The second example is fairness. Back in 2016, the chatbot Tay, which became 'racist' in the space of a few hours, made us all aware of this issue; the biases identified more recently in consumer tools such as ChatGPT are a reminder that artificial intelligence is particularly sensitive to the biases present in data, and is likely to reinforce them. Indeed, one of the aims of the AI Act is to detect and prevent these biases before they cause harm to citizens. This is a technically complex issue, as banning the use of certain protected variables is not enough to guarantee that algorithms are harmless. This is particularly true for activities such as granting credit or pricing insurance, where customer segmentation is part of normal business and risk management practices in a competitive environment.

Speakers at the following round tables will no doubt explain how they are tackling these challenges in practical terms. I would simply like to share one conviction. One of the challenges, if not the main challenge, is to get specialists from very different backgrounds to talk together and understand each other: data scientists, legal experts, specialists in human-machine interaction, auditors, etc. I mentioned earlier the need for cooperation between data science and cybersecurity: as you can see, the circle of cooperation that needs to be put in place is actually much wider!

To address these new aspects, and to provide proof that the various regulatory requirements are being met, financial institutions will need to enhance their skills by acquiring new human and technical capabilities. As market surveillance authority and prudential supervisor, the ACPR will ensure that risks are effectively managed. Compliance with the AI Act is naturally more than just an administrative process of internal labelling, and the supervisor cannot simply 'tick boxes'. On the contrary, the supervisor will have to ensure that the algorithms are managed and monitored by competent people who understand their inner workings.

This means, of course, that the financial supervisor itself has to acquire new skills and adapt its tools and methods. We will have to gradually establish a set of rules regarding new issues such as explainability, a topic on which the ACPR has already published some proposals in the past, or the fairness of algorithms. We will also need to develop a specific methodology for auditing AI systems.

We cannot and must not take this methodological step alone: instead, we need to build synergies with all the other AI supervisors in France and Europe. AI regulation is cross-sectoral and the supervisors will not escape the pressing obligation of cooperating in this area, which involves so much diverse expertise.
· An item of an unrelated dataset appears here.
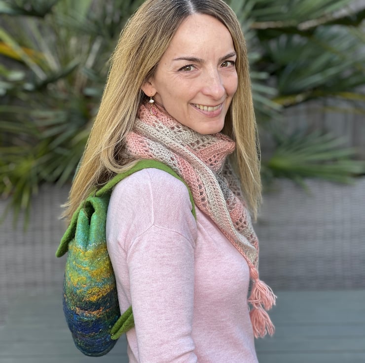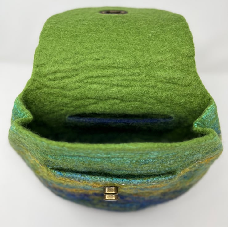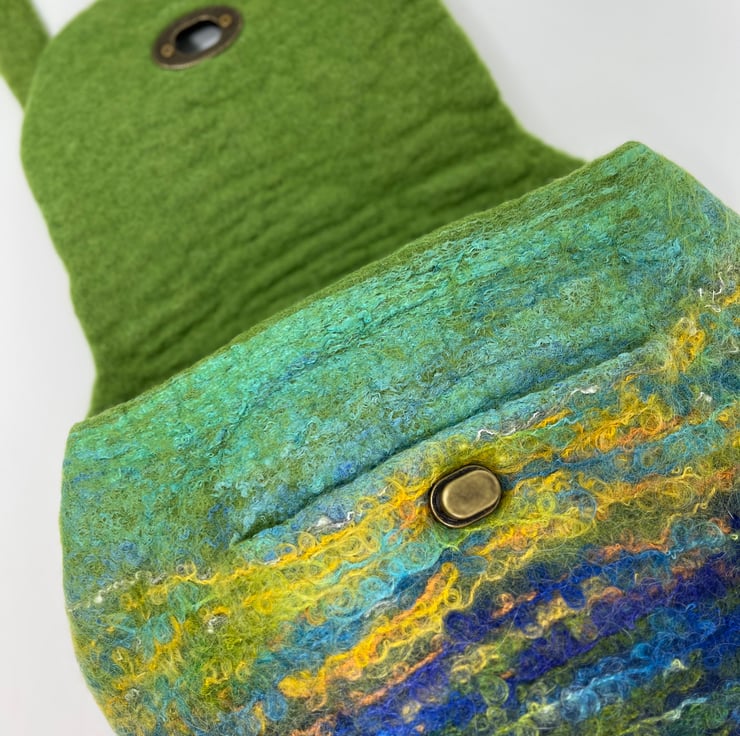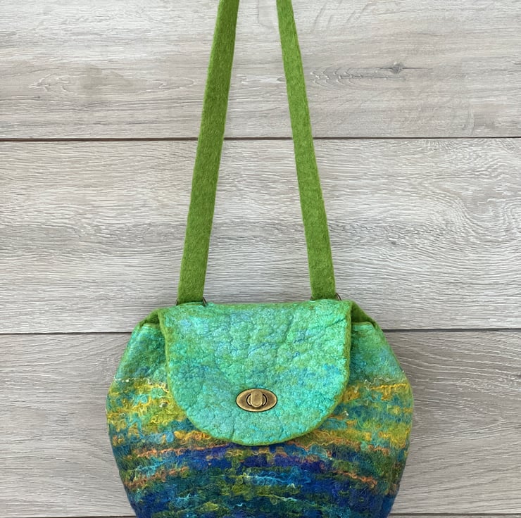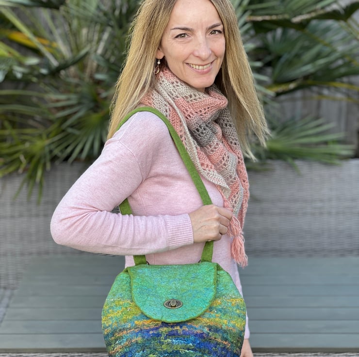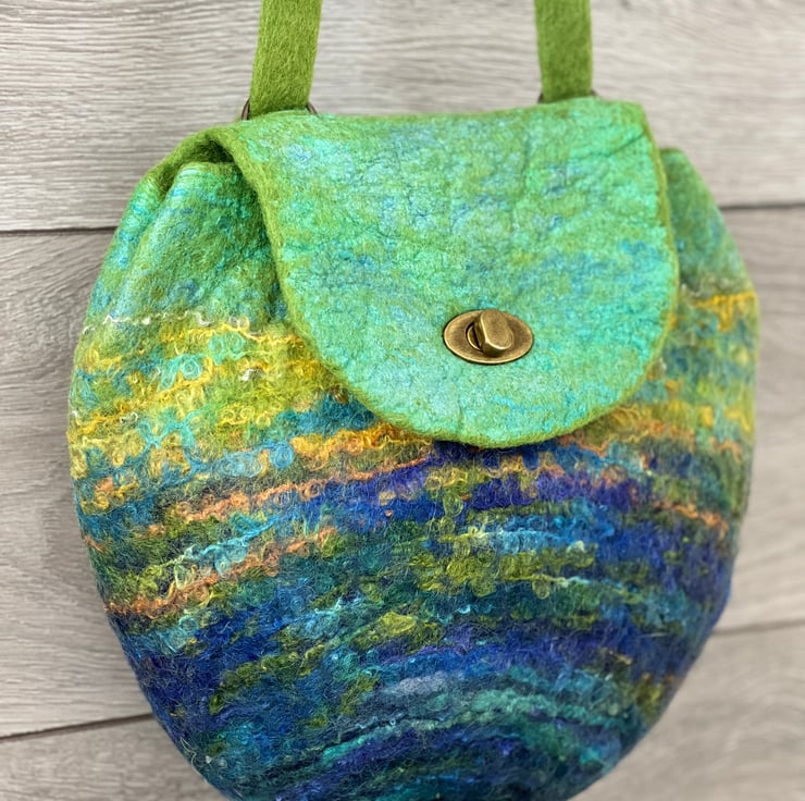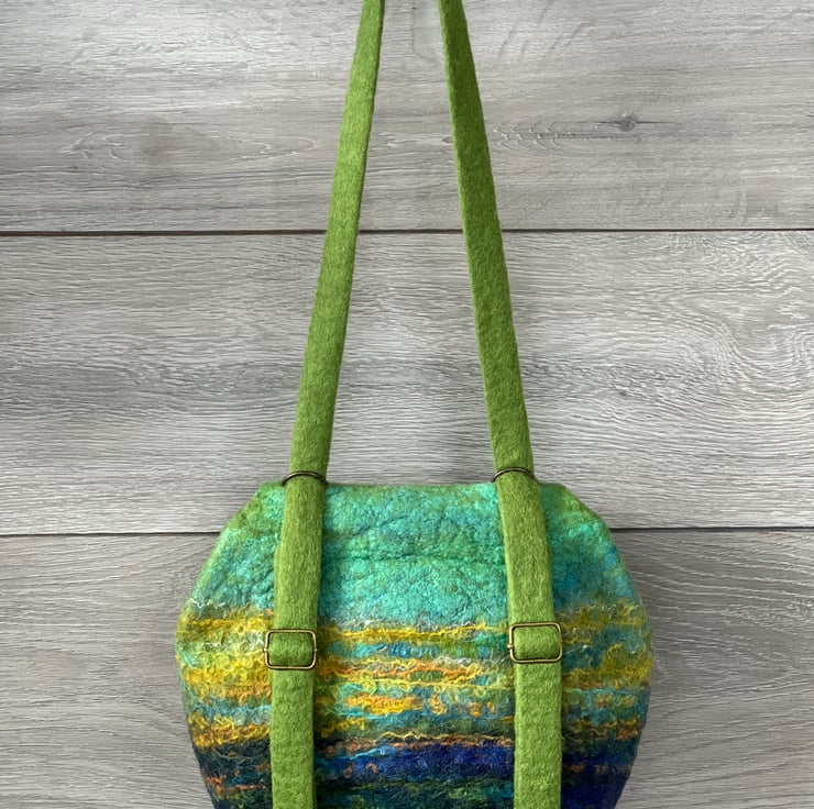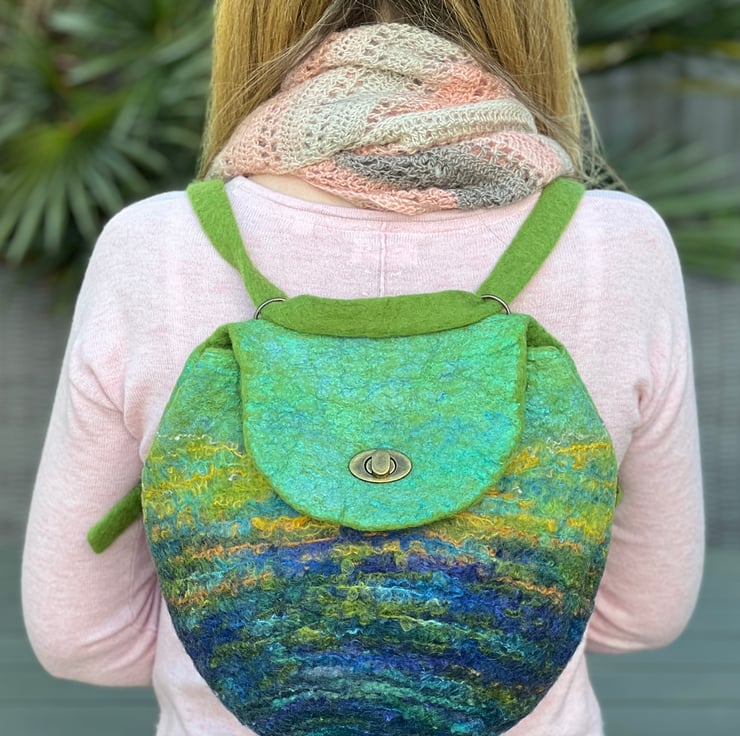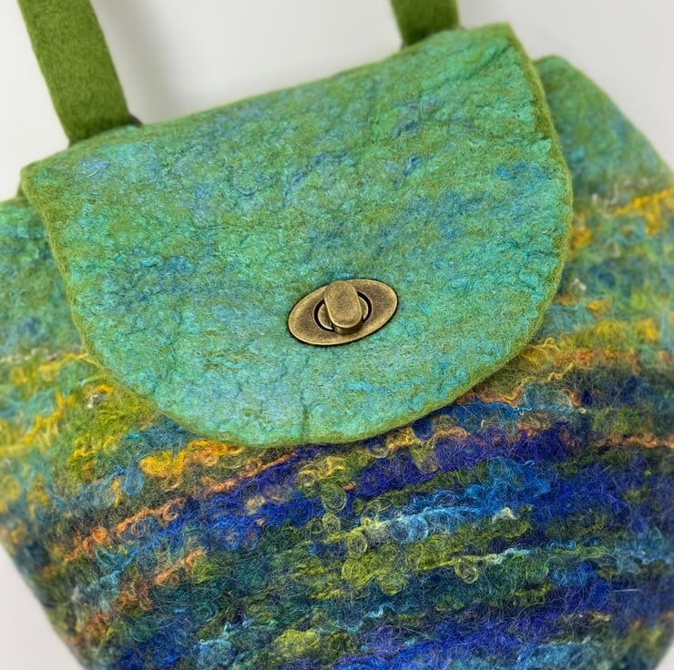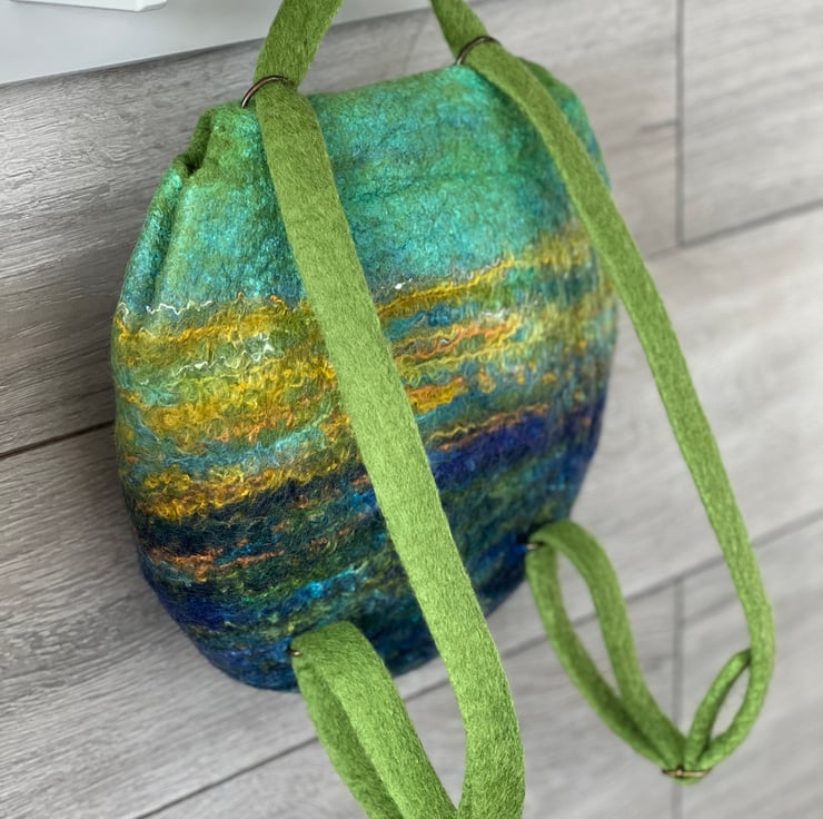 This large felt backpack has been hand-felted by me using a felting ball. The felt has been made using green and blue wool fibre along with silk fibres (creating a silky sheen at the top of the bag and flap) and wool yarns to create an overall landscape-style design/pattern.

Today, I would like to extend this call for cooperation to the whole financial sector. Articulating the AI Act with sector-specific regulations, clarifying expectations, sharing best practices, developing audit methodology: supervisors and the supervised share many challenges, and we will overcome them all the more easily if we are able to move forward together. The ACPR is now preparing itself for the 2026 deadline: as it has already done in the past, it will seek input from the entire ecosystem to co-design practical methods for implementing - and supervising - the AI Act. That is why I am today calling on volunteer companies in the financial sector to contact the ACPR staff to take part in our work.

For the stability of the financial sector, we must collectively master the uses of AI; together, let's rise to this challenge! Thank you for your attention.